◆ **EXERCISE DIRECTIONS**
Retype exactly the span of lines below from the one with "Louis Vuitton Speedy 30." through the one with "En esta situación, un". Do not include pictures.

===== PROVIDED MATERIAL

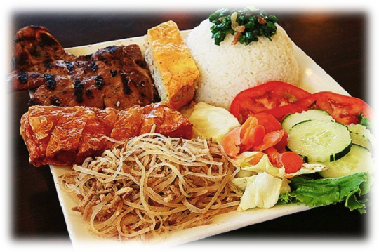 碎米饭不仅有碎米,还要加上红亮且微微有点焦的烤排骨、清绿色的葱、白色的萝卜丝和橙色的胡萝卜丝等等。一切合在一起带来美味爽口的感觉。
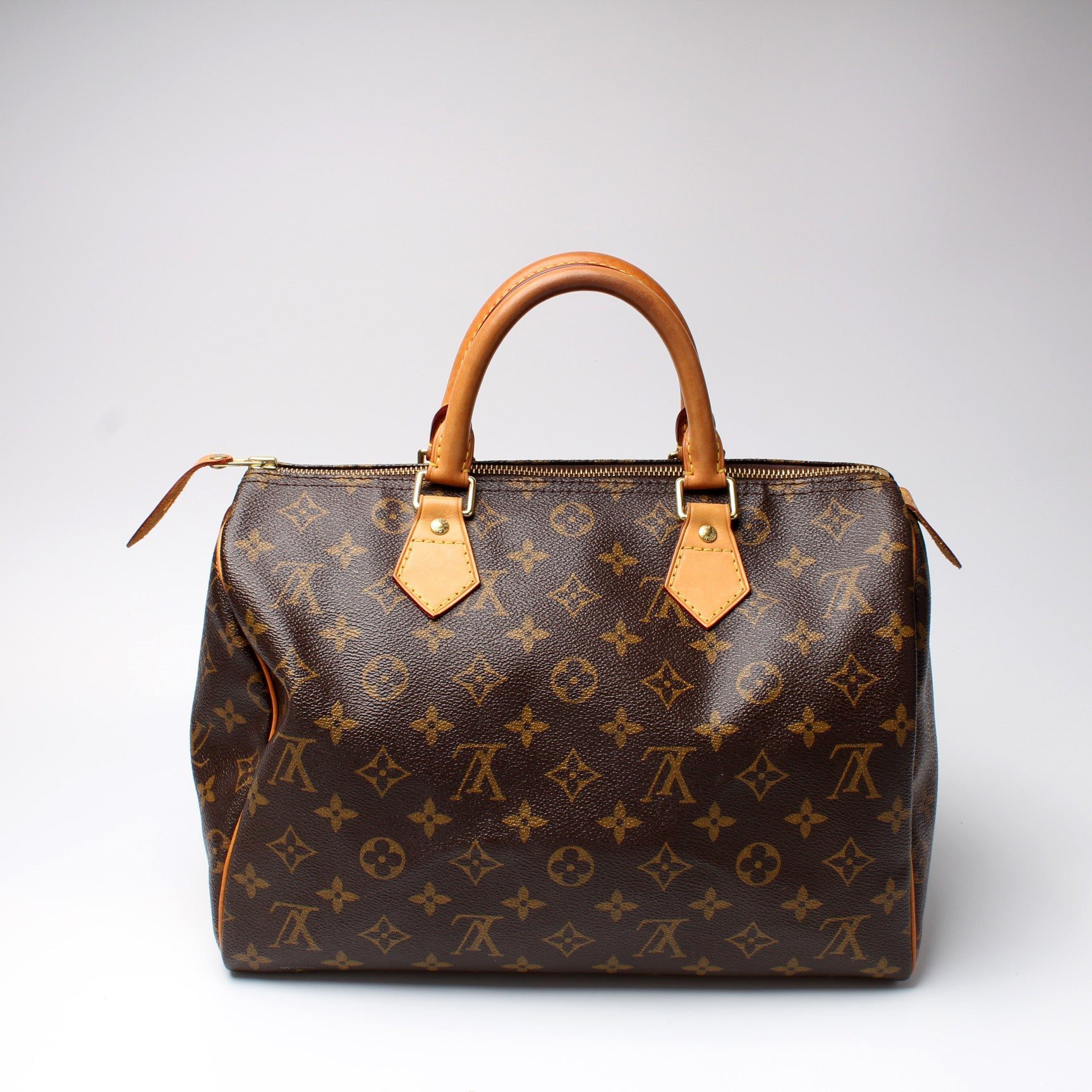 Louis Vuitton Speedy 30. The exterior is in the classic Louis Vuitton Monogram coated canvas.Â
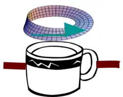 En esta situación, un espinor es una especie de vector polarizado. En el diagrama adyacente, un espinor puede representarse como un vector cuya cabeza es una bandera que se encuentra en un lado de una cinta de Möbius, apuntando hacia adentro. Inicialmente, supóngase que la bandera está en la parte superior de la tira como se muestra. A medida que se gira la taza de café, lleva el espinor y su bandera a lo largo de la tira. Si la taza se gira 360°, el espinor vuelve a la posición inicial, pero la bandera ahora está debajo de la tira, apuntando hacia afuera. Es necesaria otra rotación de 360° para devolver la bandera a su orientación original.
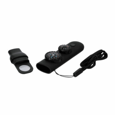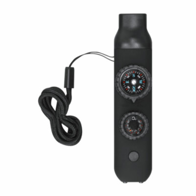 Silbato de supervivencia fabricado en resistente ABS con acabado gomoso. Integra 6 funciones esenciales:- Brújula de 2,55 cm de diámetro, con indicaciones de Norte, Sur, Este y Oeste.- Silbato de alta potencia, ideal para emitir señales de emergencia.- Termómetro con rango de temperaturas de -20 ºC a 50 ºC.- Lupa de 2 cm de diámetro, perfecta para observar detalles pequeños o incluso para encender fuego mediante concentración de luz solar.- Espejo, incorporado en la parte inferior de la brújula.- Linterna con 2 LEDs y botón de encendido/apagado en la parte superior.Incluye un práctico cordón para facilitar su transporte, ideal para llevarlo cómodamente colgado al cuello.

==========

◆ **RESULT OF THE TASK**
 Louis Vuitton Speedy 30. The exterior is in the classic Louis Vuitton Monogram coated canvas.Â
 En esta situación, un espinor es una especie de vector polarizado. En el diagrama adyacente, un espinor puede representarse como un vector cuya cabeza es una bandera que se encuentra en un lado de una cinta de Möbius, apuntando hacia adentro. Inicialmente, supóngase que la bandera está en la parte superior de la tira como se muestra. A medida que se gira la taza de café, lleva el espinor y su bandera a lo largo de la tira. Si la taza se gira 360°, el espinor vuelve a la posición inicial, pero la bandera ahora está debajo de la tira, apuntando hacia afuera. Es necesaria otra rotación de 360° para devolver la bandera a su orientación original.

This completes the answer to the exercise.